BayanGroup / nutch-custom-search

65 stars 34 forks source link

Nutch 2.x support #41

Open tomchiverton opened 7 years ago

kaidul commented 7 years ago

hi, I've implemented Nutch 2.x version of this plugin and tested on my project. Can I send a pull request?

haidawyl commented 7 years ago

@kaidul Could you show me your code? I want Nutch 2.x version.

kaidul commented 7 years ago

@haidawyl Which functionality do you need? I wrote some plugins recently but didn't furnish enough to send the PR here. Let me knowwhich functionality do you need and I will send you the code personally.

haidawyl commented 7 years ago

@kaidul I can't find org.apache.nutch.parse.HtmlParseFilter in Nutch 2.x version.

haidawyl commented 7 years ago

@kaidul I hope all of them. When I change Nutch to 2.3.1, there are errors in ExtractorFetchSchedule.java, ExtractorIndexingFilter.java, ExtractorParseFilter.java, ExtractorParser.java, ExtractorScoringFilter.java, and OPICScoringFilter.java, I could not compile them.

kaidul commented 7 years ago

Yes, it isn't supposed to work that way for Nutch 2.x I meant what functionality do you require for your project as you're planning to use this plugin?

bl4ck1c3 commented 7 years ago

Is this plug-in still available for 1.x?

Thank you

On Wed, May 31, 2017 at 10:32 AM, Kaidul Islam notifications@github.com wrote:

Yes, it isn't supposed to work that way for Nutch 2.x I meant what functionality do you require for your project so that you're planning to use this plugin?

— You are receiving this because you are subscribed to this thread. Reply to this email directly, view it on GitHub https://github.com/BayanGroup/nutch-custom-search/issues/41#issuecomment-305122921, or mute the thread https://github.com/notifications/unsubscribe-auth/AFOCVLvTvvUYQUFPVY04ItYASBBXed5uks5r_SWqgaJpZM4L2FE_ .

haidawyl commented 7 years ago

@kaidul Could you send the project 'zal.extractor.nutch' to me(haidawyl@163.com).

Thank you.

haidawyl commented 7 years ago

@kaidul I am trying to implement Nutch 2.x version, but it is hard to me.

haidawyl commented 7 years ago

@kaidul I could extract fields from the pages. But how to store the values to hbase. It does not append fields to org.apache.nutch.storage.WebPage. Could you help me? Thanks.

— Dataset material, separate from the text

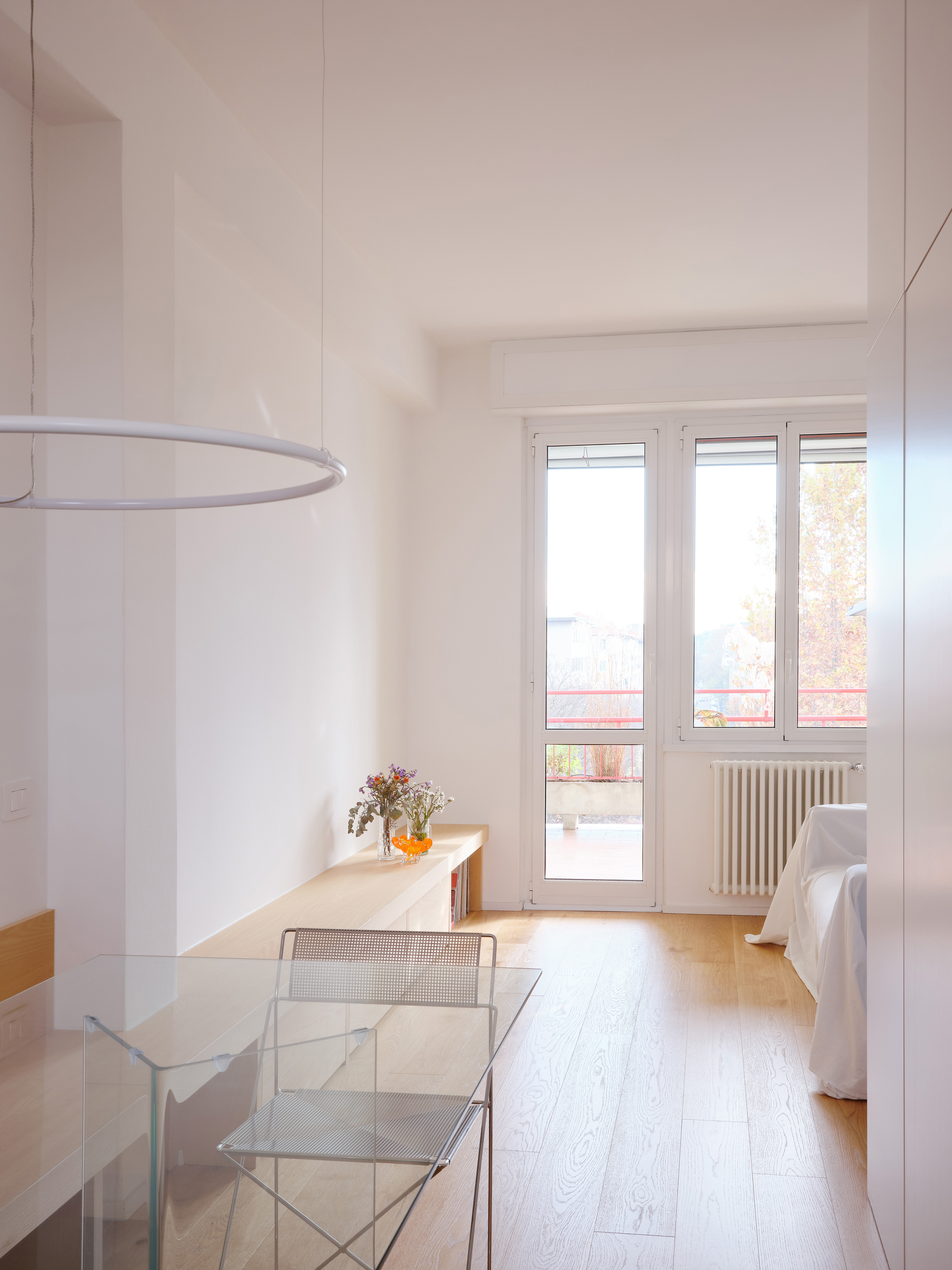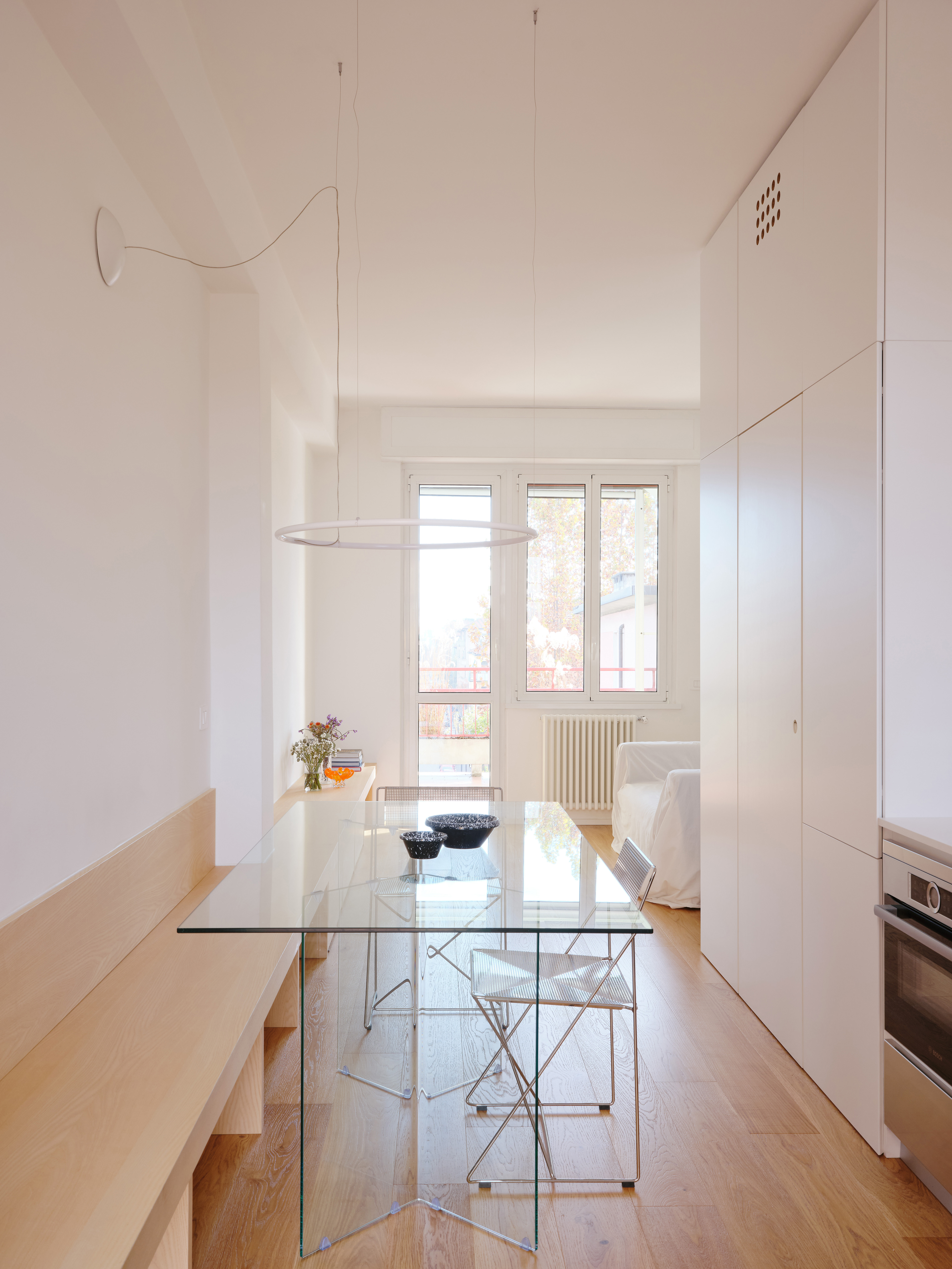 Full-height white volumes house storage units, helping to create a tidy and uncluttered environment. Furniture pieces, light and almost transparent, such as the glass dining table and metal chairs, minimize visual impact and reinforce spatial continuity. Discreet and minimalist lighting runs along the apartment’s longitudinal axis, without interrupting the formal clarity of the design. Natural light, pouring through the large windows overlooking the exterior, permeates the entire space, becoming an integral part of the project and enhancing the sense of openness and depth.

hainguyenvan commented 7 years ago

Hi haidawyl You read code plugin "parse-selector" link git hub : https://github.com/hainguyenvan/apache-nutch-2.3/tree/master/src/plugin/parse-selector https://github.com/hainguyenvan/apache-nutch-2.3/tree/master/src/plugin/parse-selector in me implement parse data by select xpath and save data to hase. Index data to elasticsearch you config you config index.metadata in nutch-default.xml Thank !

On Thu, Jun 8, 2017 at 2:35 PM, haidawyl notifications@github.com wrote:

@kaidul https://github.com/kaidul I could extract fields from the pages. But how to store the values to hbase. It does not append fields to org.apache.nutch.storage.WebPage. Could you help me? Thanks.

— You are receiving this because you are subscribed to this thread. Reply to this email directly, view it on GitHub https://github.com/BayanGroup/nutch-custom-search/issues/41#issuecomment-307024123, or mute the thread https://github.com/notifications/unsubscribe-auth/AJm72OPPqwu0ZBEB0MWAei3AqyFItoIoks5sB6RSgaJpZM4L2FE_ .

haidawyl commented 7 years ago

@hainguyenvan Thanks! I will read the source.